Exercise objective:
Once the line holding "Flared-sleeve satin dressCurrent" is written out, stop; begin at the first line of the material below and retype exactly, dropping pictures.

Segment Start: Entries shown

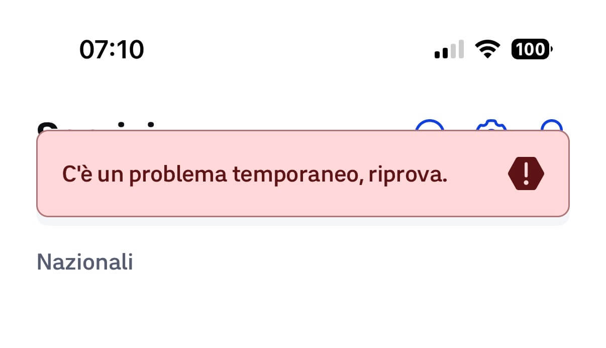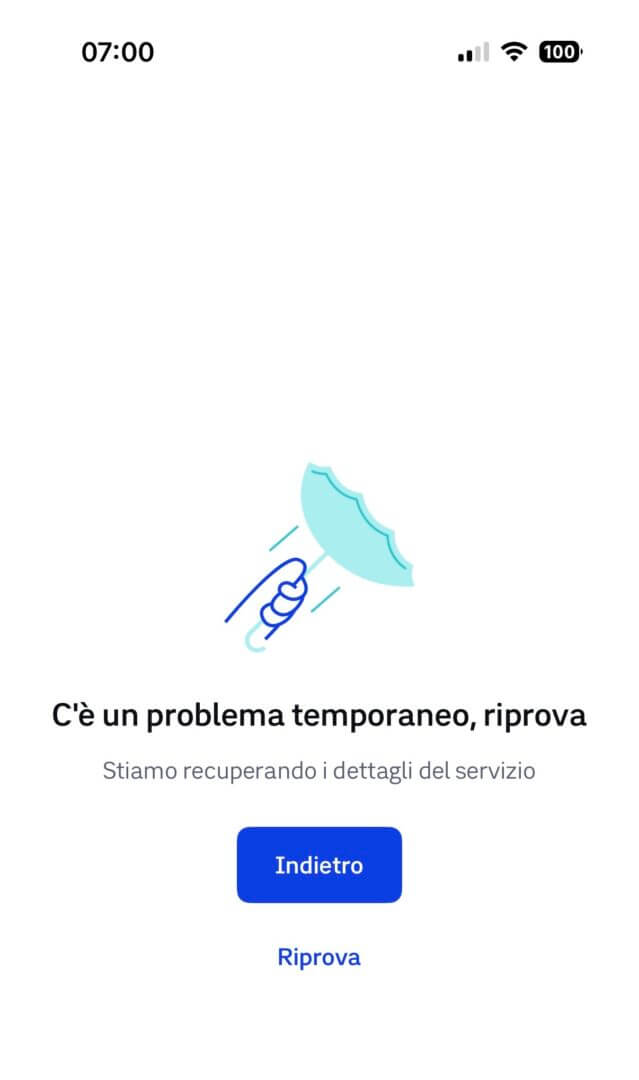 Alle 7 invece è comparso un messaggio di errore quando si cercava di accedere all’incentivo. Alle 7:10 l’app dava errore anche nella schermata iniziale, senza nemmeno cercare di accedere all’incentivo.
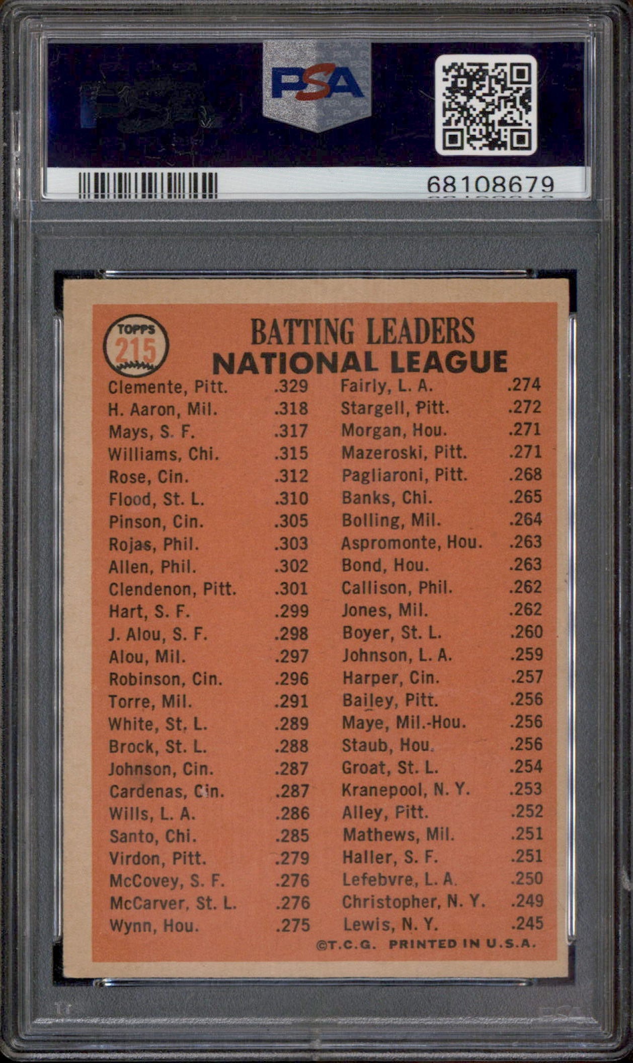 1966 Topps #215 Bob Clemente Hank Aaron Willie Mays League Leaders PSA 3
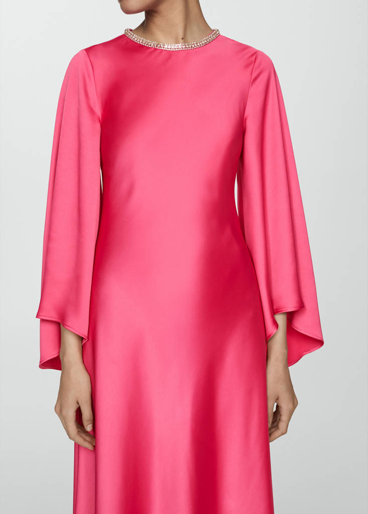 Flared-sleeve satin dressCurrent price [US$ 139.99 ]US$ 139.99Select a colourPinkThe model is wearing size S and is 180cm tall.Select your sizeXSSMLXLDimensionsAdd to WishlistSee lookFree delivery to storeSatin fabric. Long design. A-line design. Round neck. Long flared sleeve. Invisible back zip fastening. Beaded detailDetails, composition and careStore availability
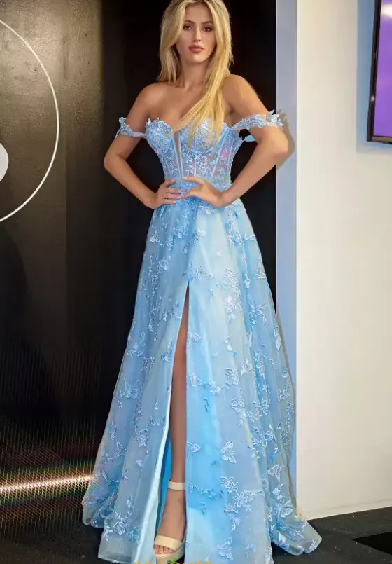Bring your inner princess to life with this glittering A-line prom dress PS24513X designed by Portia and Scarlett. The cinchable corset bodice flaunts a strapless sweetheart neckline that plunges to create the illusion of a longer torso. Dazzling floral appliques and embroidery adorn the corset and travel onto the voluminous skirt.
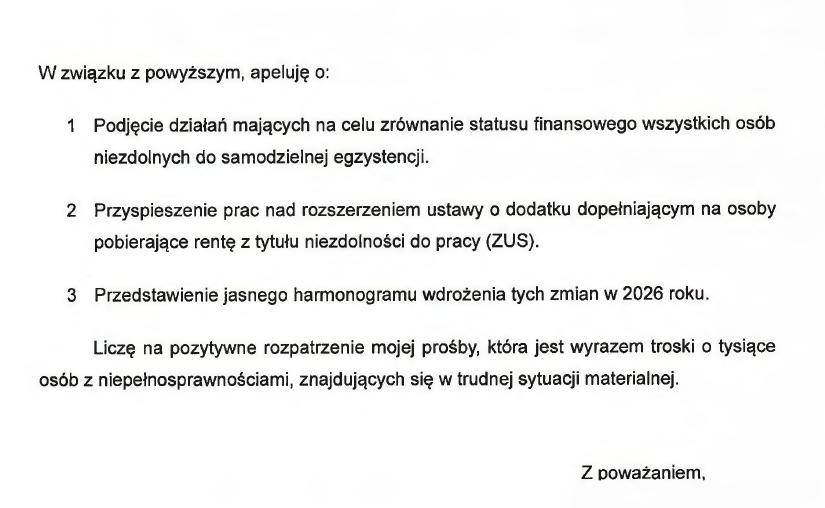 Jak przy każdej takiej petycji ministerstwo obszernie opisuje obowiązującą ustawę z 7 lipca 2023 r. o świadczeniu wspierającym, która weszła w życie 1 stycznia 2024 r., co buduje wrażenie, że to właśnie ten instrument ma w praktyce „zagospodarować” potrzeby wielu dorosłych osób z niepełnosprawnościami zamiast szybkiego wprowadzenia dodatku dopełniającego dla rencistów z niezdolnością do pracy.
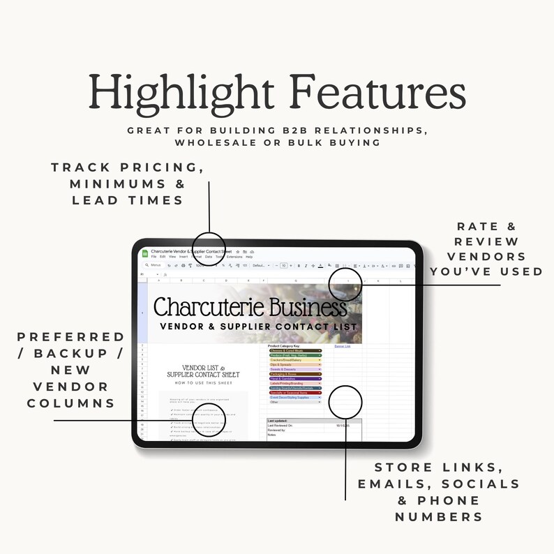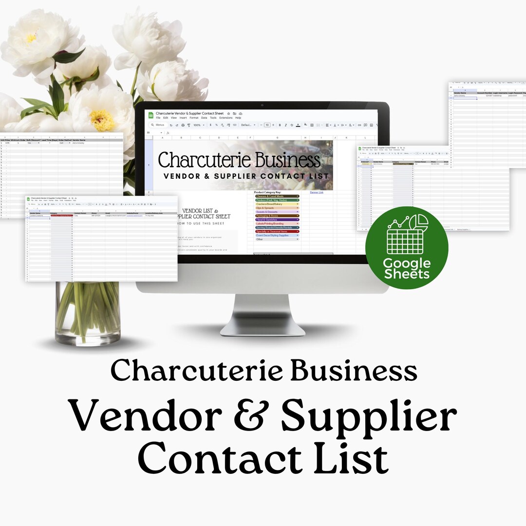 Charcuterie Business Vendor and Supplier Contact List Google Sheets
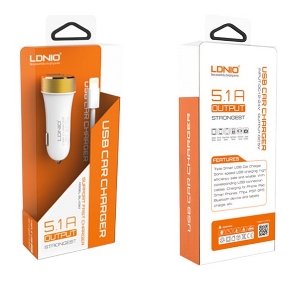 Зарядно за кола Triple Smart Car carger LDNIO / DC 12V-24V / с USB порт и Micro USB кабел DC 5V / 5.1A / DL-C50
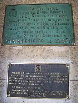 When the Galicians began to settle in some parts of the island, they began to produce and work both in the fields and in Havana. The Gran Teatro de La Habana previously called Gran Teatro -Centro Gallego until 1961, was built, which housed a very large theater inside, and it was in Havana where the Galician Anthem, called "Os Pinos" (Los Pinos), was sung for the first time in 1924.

Segment End: Entries shown

Answer section:
 Alle 7 invece è comparso un messaggio di errore quando si cercava di accedere all’incentivo. Alle 7:10 l’app dava errore anche nella schermata iniziale, senza nemmeno cercare di accedere all’incentivo.
 1966 Topps #215 Bob Clemente Hank Aaron Willie Mays League Leaders PSA 3
 Flared-sleeve satin dressCurrent price [US$ 139.99 ]US$ 139.99Select a colourPinkThe model is wearing size S and is 180cm tall.Select your sizeXSSMLXLDimensionsAdd to WishlistSee lookFree delivery to storeSatin fabric. Long design. A-line design. Round neck. Long flared sleeve. Invisible back zip fastening. Beaded detailDetails, composition and careStore availability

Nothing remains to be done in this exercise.